Goolagong was preparing for the World Invitational Tennis Classic scheduled for the last week of September at Sea Pines Plantation. It was her return to competition after her premature comeback in Canada, and it would occur at Hilton Head before many of her friends and neighbors. A few weeks before the WITC, Goolagong appeared almost diffident about her progress. "I want to give it a try now," she said. "I want to see how far I can go and then we'll make a decision on whether I'll keep playing. I don't want to look back two years from now and be sorry that I didn't try."

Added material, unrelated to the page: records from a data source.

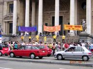 在这之前,学员们進行了充分的准备工作。下午,位于市中心的证券交易所前,一边是学员们祥和的炼功,另一边是学员们真人模拟的酷刑,有老虎凳,竹签扎指,囚笼等,并配以图片文字说明。来往的行人一下子被吸引过来,纷纷驻足。人们被眼前的这一幕震惊了。 非常多的人都无法相信当今世上还有这样的暴行发生。很多过往车辆的司机也纷纷索要资料。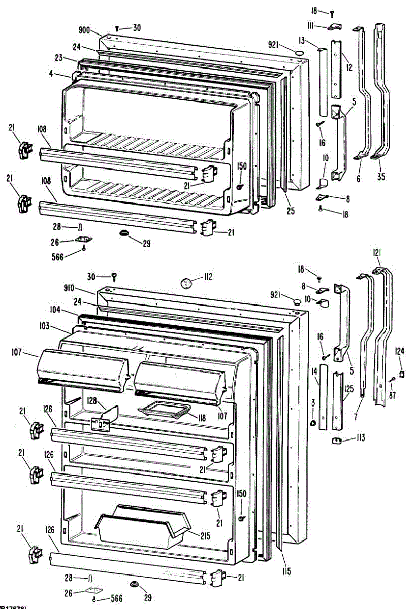 Hardware fasteners for securing refrigerator door panels and components. Includes screws, nuts, and washers for assembly. Replace missing or stripped pieces.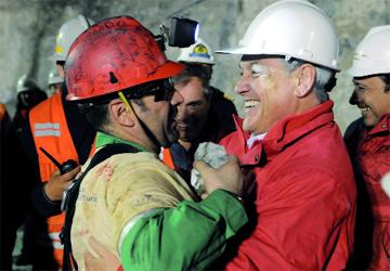 الرئيس التشيلي (يمين) يعانق أحد العمال الناجين. إي.بي.أيه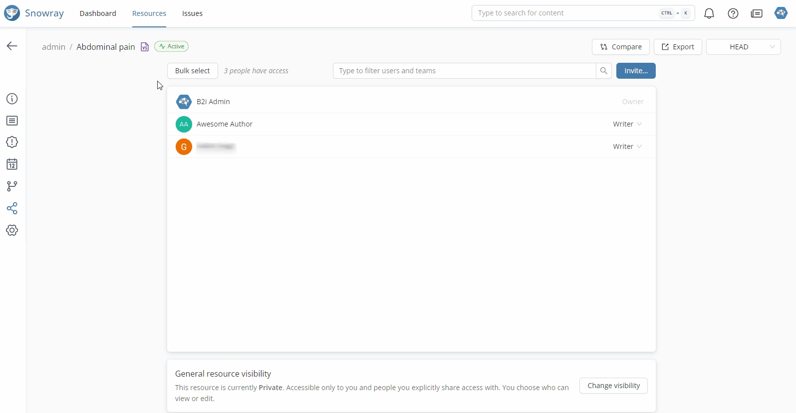 Maintainers have the right to revoke user access to a specific resource using the dedicated menu item. This can be performed either for a single user or for multiple users as well, using the checkbox in the front.
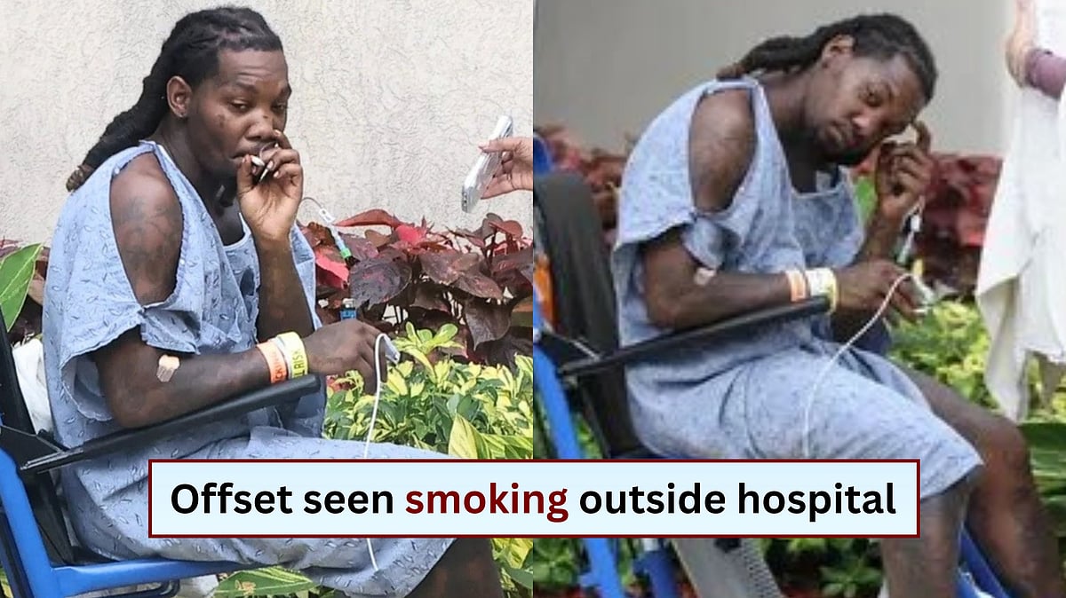 Rapper Offset was seen smoking a cigarette outside a Florida hospital shortly after being shot in the leg. The artist, whose real name is Kiari Kendrell Cephus, appeared outside the medical facility in an ICU wheelchair as he recovered from the incident. He was shot on Monday.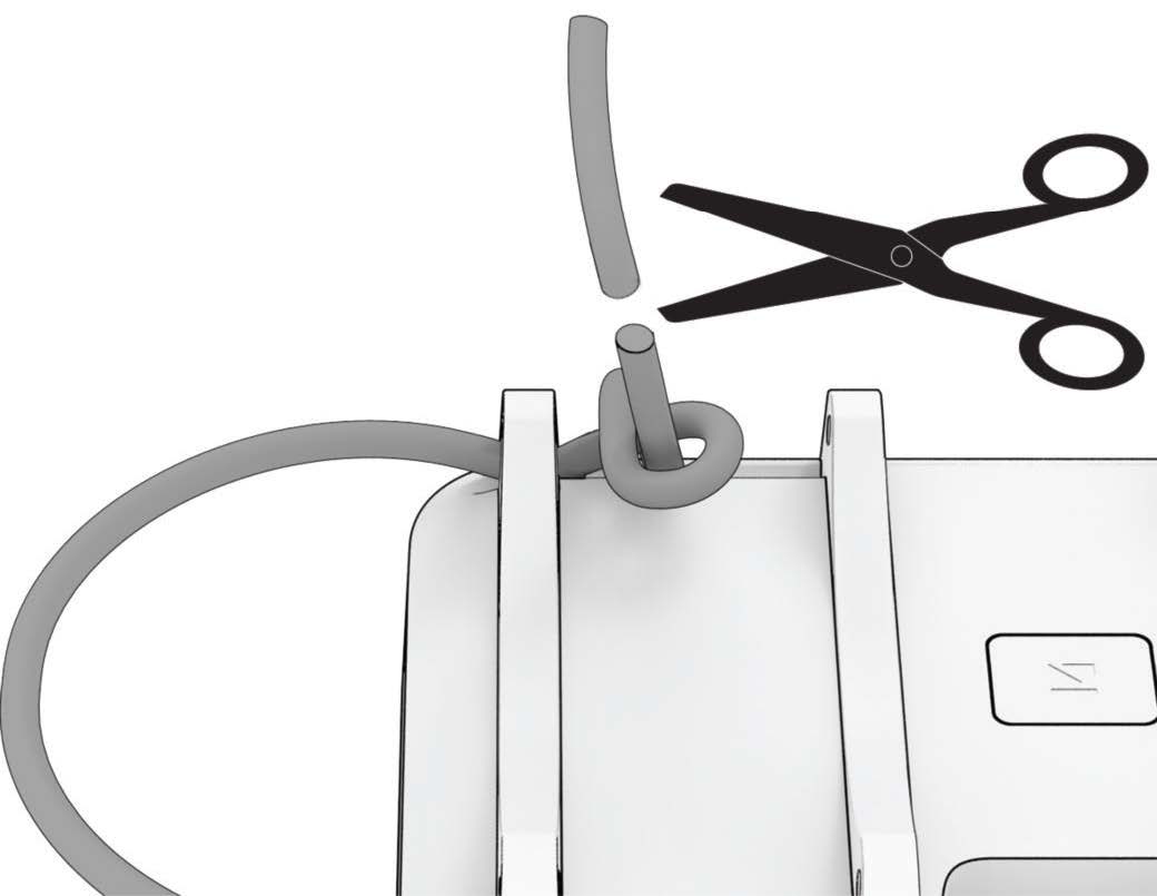 請勿在彈性繩佩戴在手臂上時切割,否則可能導致財產損失或嚴重的人身傷害。

With an eye to the future, the Cawleys had made plans to build an elaborate tennis complex on Hilton Head and acquired an option to purchase approximately 70 acres for this purpose. Unfortunately, their business partner, Richard Duke, suffered a fatal heart attack. His death deepened Evonne's dismay with her game, but in the days leading up to the WITC her skills suddenly started to reappear. She played well in several exhibitions and began to feel like her old self, running down impossible shots, her hair wet and curly on her forehead from the exertion of practicing in the heat and humidity. By the opening day of the tournament, Roger felt confident enough to say with a smile, "She's playing well enough to win."

The Cawleys' relationship is extremely close, even for relatively newly-marrieds. Roger wears several gold chains around his neck, one reading "Roger-Evonne," the others "E." She casts glances at him constantly during her matches. They can be seen strolling hand in hand wherever they go, bicycling together around the island or jumping into their Jeep for a trip to the store. Roger is trainer and coach, as well as a buffer between Evonne and the public. A former tournament player in his native England, Roger, too, was under pressure at the WITC. Evonne's performance would either condemn or vindicate his methods.

In the WITC, the players compete in singles, doubles and mixed doubles, and in Goolagong's opening match, she and Kerry Reid were paired in doubles against Virginia Wade and Dianne Fromholtz. It quickly became apparent that Evonne's volleys were as crisp as ever, and she displayed a new weapon, a topspin forehand that she hit short cross-court. As the match wore on, her smile grew wider and her manner almost bubbly. "She's getting more and more confident," said Roger at courtside, with a smile of his own.